Crazy, huh? He had actually seemed like one of the more promising guys on the site -- good job, had traveled extensively, etc. I'd almost made it to the Open Communication stage with him, where you can finally write messages to each other freely instead of just sending each other pre-formed questions through the site. I wonder what he did to get kicked off!? I clicked on the last link above, which said: "eHarmony may determine that an account should be closed based on routine monitoring and review of account activity and/or information received regarding a member's account or activity. If an account is closed by eHarmony for Terms and Conditions violations, eHarmony will make every effort to notify any past or present customers matched to the users whose account has been closed. If you have received a notification regarding a match's account being closed, we strongly recommend that you discontinue any further communication with this match."

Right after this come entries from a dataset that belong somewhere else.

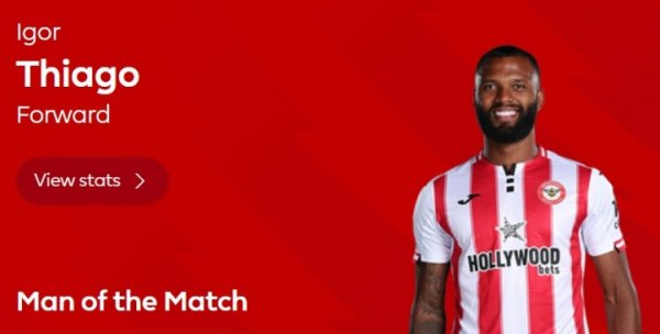 20分钟梅开二度,官方:伊戈尔当选布伦特福德3-1曼联全场最好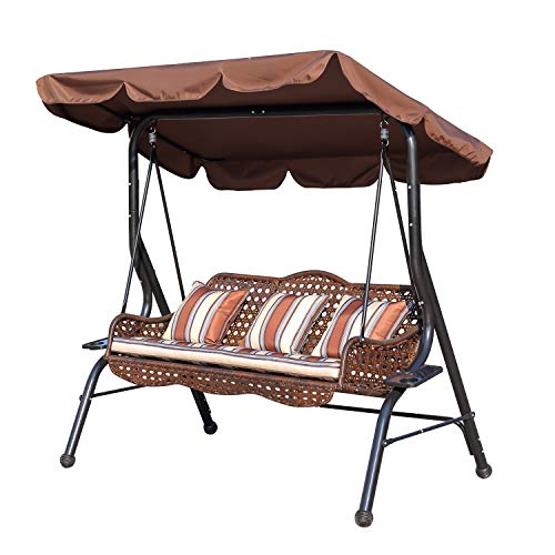 Sogeshome 3 Seat Porch Patio Swings Chairs With Canopy Outdoor Swing Lounge Chair Hammock Brown Rlqq2025 Br Sh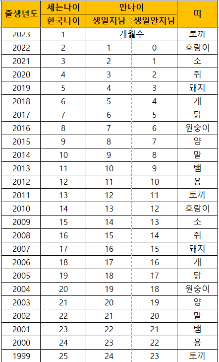 다음은 출생 연도에 따른 한국식 세는 나이와 만 나이를 정리해 보았다. 만 나이는 생일지남과 생일 안지남을 기준으로 계산하였으며 또한 출생 연도에 따른 띠도 알아볼 수 있다.

There was also another link to click on, which said:

* * *
Question

What are the most common reasons for closing a match's account?

Answer

The most common reason for account closure is a violation of eHarmony's Terms and Conditions such as the misrepresentation of personal information (name, identity, address, age or marital status)
* * *

But if a man was married but dating women from eHarmony and pretending to be single, how would they know? Did enough women he dated figure it out and tell e-Harmony? Or did he just write a vulgar e-mail to someone and she complained? Whatever it was, I'm relieved they shut down his account before I wasted time e-mailing him or, even worse, meeting him.

October 6, 2008

Men, men, men....

Guy update: 1) Last week I had a date with another guy I met at the New York Easy Dates speed-dating marathon a couple of weeks ago (http://www.nyeasydates.com/). I won't even bother naming him because I doubt I'll see him again. He has a car service business, so since he's often in Manhattan during the day, he met me for lunch one afternoon last week. We had a great time talking politics for half an hour or so. Then suddenly he said, "I have a customer to pick up at 1:30. I'd better go," and he got all abrupt and left. At least he paid the bill first (though he did allow me to pay the tip). However...

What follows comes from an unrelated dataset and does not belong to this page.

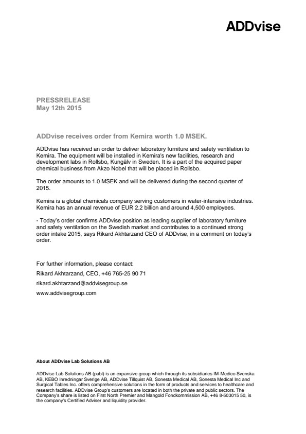 – Today’s order confirms ADDvise position as leading supplier of laboratory furniture and safety ventilation on the Swedish market and contributes to a continued strong order intake 2015, says Rikard Akhtarzand CEO of ADDvise, in a comment on today’s order.

2) Learned Optimism, the other guy from speed-dating who I had a date with a week ago, didn't think I was too old, I guess, even though I'm 36 and he's 28, because he e-mailed me asking me out again. I'm still not sure what to do. It may be worth it to have a second date with him, since he seemed kind of nervous on the first one. But...

3) I still like the Nicest Guy in the World a lot, so that's distracting me. I don't think it would be fair to him to date him while still dating other people, though, and that makes me feel nervous. So I have to hold off, at least for now. Especially since...

4) Mr. No Touchy-Feely is still in the picture. Yes. He resurfaced over the summer after not contacting me for three weeks, and we've e-mailed and talked on the phone. But I still haven't actually seen him in person since July. He called me this past Saturday, we had a good talk for over an hour, AND we made concrete plans for dinner and a movie this coming weekend. That's when I'm going to gather my courage and ask him what our relationship to each other is, exactly. I hereby rename him Sweet but Shy, because I think that's more accurate than Mr. No Touchy-Feely (even though he still hasn't done anything more than hug or kiss me on the cheek). I'll keep you posted!